▶ [To do] Transcribe the listing below word for word but skip its images.

▶ [Raw data]
◇ ◇ ◇ ◇

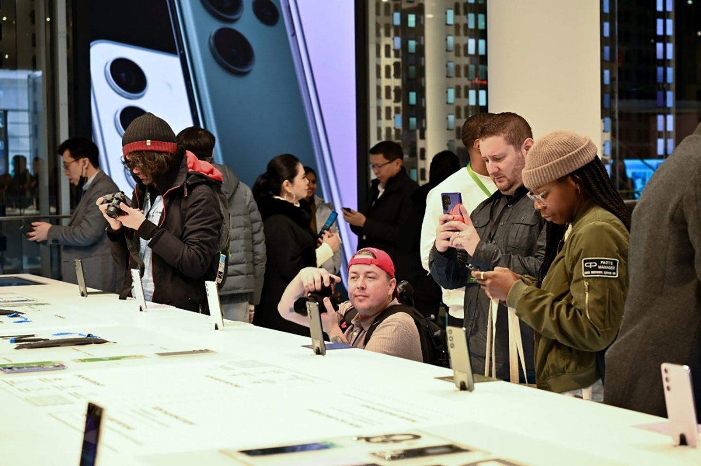Galaxy fans are welcomed as they Galaxy Experience Space, eager to get their hands on the latest products.
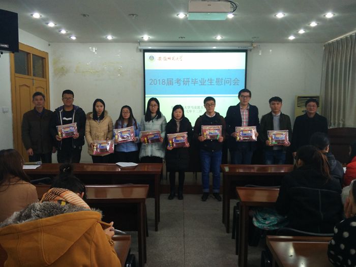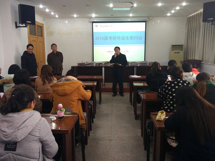 本网讯(文/摄范冉冉)冬日关怀,情暖研途,12月1日下午,beet365在公司五楼报告厅举办考研毕业生慰问会。公司党委书记傅绪中,党委副书记梁齐军及2014级思想政治教育专业部分考研员工到场参加。会议由辅导员周楠主持。
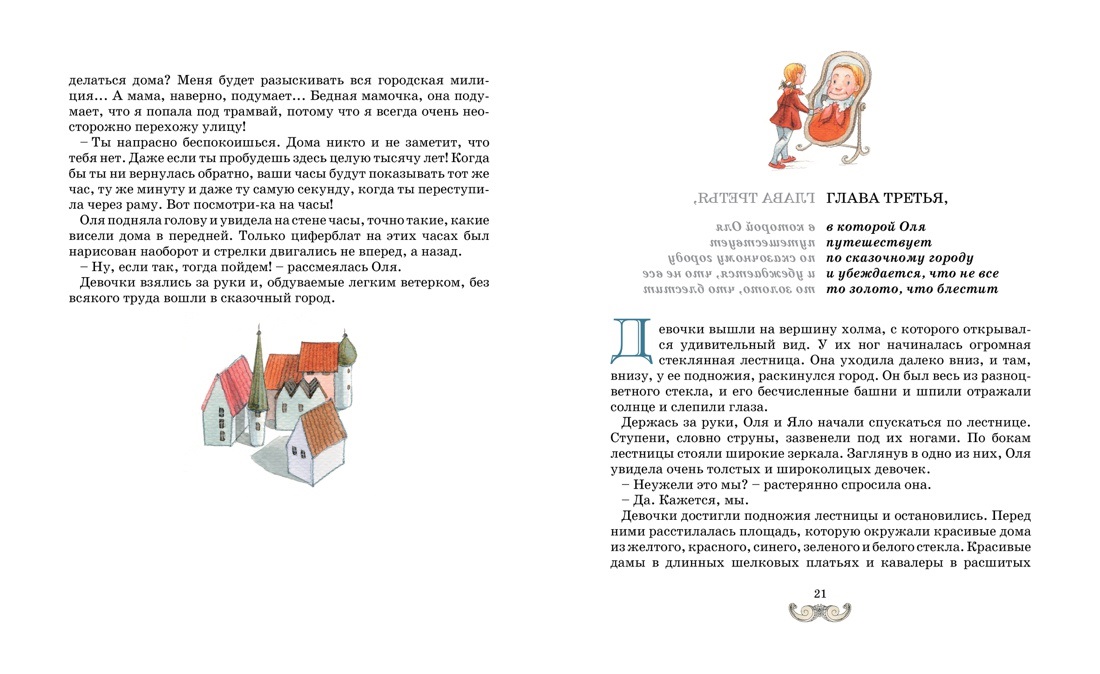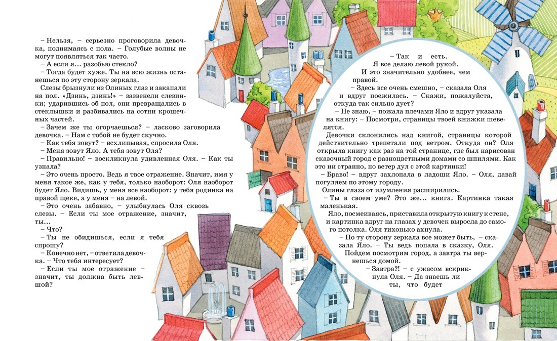 Однажды девочка Оля, шагнув через зеркало, попала в КОРОЛЕВСТВО КРИВЫХ ЗЕРКАЛ, где ей пришлось пережить немало опасных приключений. Ей удалось увидеть себя со стороны, познакомившись с точно такой же, как она, девочкой по имени Яло. Наблюдая за этой девочкой, как за самой собой, Оля смогла избавиться от недостатков, которых раньше в себе не замечала.

◇ ◇ ◇ ◇

▶ [Solution to the problem]
Galaxy fans are welcomed as they Galaxy Experience Space, eager to get their hands on the latest products.
 本网讯(文/摄范冉冉)冬日关怀,情暖研途,12月1日下午,beet365在公司五楼报告厅举办考研毕业生慰问会。公司党委书记傅绪中,党委副书记梁齐军及2014级思想政治教育专业部分考研员工到场参加。会议由辅导员周楠主持。
 Однажды девочка Оля, шагнув через зеркало, попала в КОРОЛЕВСТВО КРИВЫХ ЗЕРКАЛ, где ей пришлось пережить немало опасных приключений. Ей удалось увидеть себя со стороны, познакомившись с точно такой же, как она, девочкой по имени Яло. Наблюдая за этой девочкой, как за самой собой, Оля смогла избавиться от недостатков, которых раньше в себе не замечала.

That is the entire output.